2023–24 Projects:
Sometimes you're reading Wikipedia and a sentence, or just a fragment, sticks out like a sore thumb. Maybe it's a non sequitur, maybe the grammar or style doesn't match the rest of the paragraph, or maybe it makes a dubious claim. Whatever it is, if you're a conscientious Wikipedia editor, your impulse may be to investigate it, so you can fix it. But that's easier said than done. To give you a concrete example, a while ago I was reading the article on the “Westward Expansion Trails” — the Oregon Trail and its pals — and came across this passage (all formatting original):
The Oregon Trail was the only practical way for settlers in wagons without tools, livestock, or supplies to cross the mountains. Many believe that without the trail most of the American west would today be part of Canada or Mexico. It is now know as the great Ele road. During the twenty-five years 1841–1866, 250,000 to 650,000 people "pulled-up-stakes" and headed west.

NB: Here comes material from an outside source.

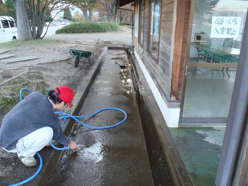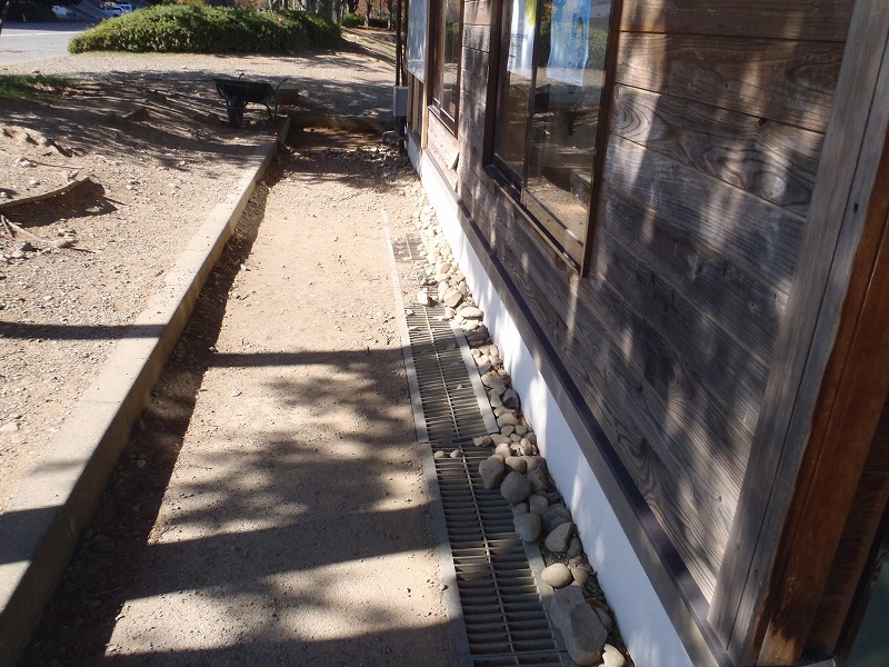 テニスコート管理棟の周りの石 土砂そして U字溝の中に溜まった土をとりのぞいてしまいました。

Now, the whole article needed work, but there was something really fishy about that bolded sentence about “the great Ele road”. Again, the bolding was in the original article. I set about investigating when this text was added to the article, what other changes were made in the same edit, who made the edit, and what else they'd done on Wikipedia. Was this editor trustworthy? Did they just make a mistake by putting the whole sentence in bold and using the wrong verb tense, but otherwise knew what they were talking about? Or were they some random vandal?
In order to answer my questions, I had to manually apply the bisection method to the article history, looking at page after page of previous versions, until I finally found the one edit where this sentence was inserted. Turns out the editor had never written anything else on Wikipedia, so I took the sentence out of the article and copied it to an archive page, with an explanation of why I thought it was vandalism.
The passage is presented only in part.